By Deidre Tautua-Fanene 05 July 2017, 12:00AM

A suspended Assistant Police Commissioner, Samoa Mulinu’u, has strongly denied any wrongdoing in relation to the conduct of his duty.

He has denied that he abused his power in relation to a complaint from a mechanic lodged with the Police. He has also refuted claims he tampered with evidence in the case against former Director of the National Prosecution Office (N.P.O.). Instead he maintains he was merely doing his job.

Samoa was telling his side of the story during a Commission of Inquiry ordered by Cabinet to investigate his conduct in the handling of the criminal matter against Sililoto Peneueta and his involvement in allegedly tampering with witnesses in Mauga’s case.

Samoa and former Inspector Luatimu Samau are the subject of Inquiry.

It is headed by retired Supreme Court Justice Lesatele Rapi Vaai, with Tavui Annie Laumea and Namulau’ulu Sami Leota as members. 

The lawyers assisting are Sefo Ainu’uū and Alesana Tumua of the Office of the Attorney General. Arthur Lesaā is representing Samoa while Luatimu Samau is standing in prose. 

During Mulinuu’s testimony, he denied threatening to arrest Sililoto if he didn’t pay money to a relative of his who had lodged a complaint against him.

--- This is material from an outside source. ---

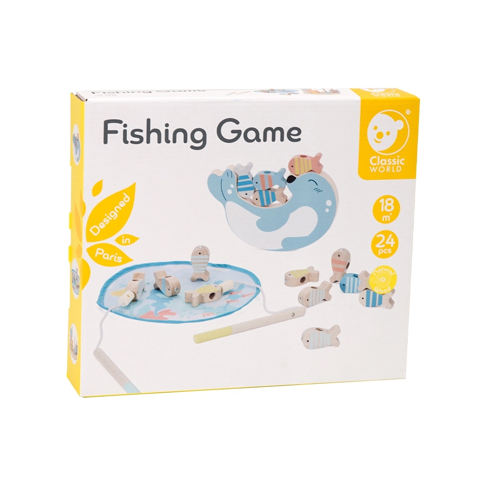 Atklājiet jautru un izglītojošu bērnu spēli – koka zivtiņu makšķerēšanu no CLASSIC WORLD. Šis gudrais komplekts piedāvā 3 spēles 1: zivtiņu makšķerēšanu ar magnētu, balansēšanas spēli un zivtiņu šķirošanu pēc krāsām un cipariem. Attīsta sīko motoriku, roku–acu koordināciju, koncentrēšanos un krāsu un skaitļu apguvi. Izgatavots no kvalitatīvas koksnes spilgtās krāsās, lieliski piemērots kopīgai ģimenes izklaidei.

 “Constable Solomona Mavaeao brought Sililoto in for questioning but because my office is located before the C.I.D. that is why he was brought into my office first,” Samoa said. 

“I then told him of what Letoga  wants that if he pays back the money, Letoa will withdraw his complaint. However, Sililoto wanted to take the matter to Court."

 “However, during that time Sililoto told me he had told Letoga to give $5,000 tala to fix the car and then he will decide how much the car will cost. But I didn’t threaten him or say anything like that.”

He also took issue with the testimony by Sililoto noting some things said, were inaccurate. 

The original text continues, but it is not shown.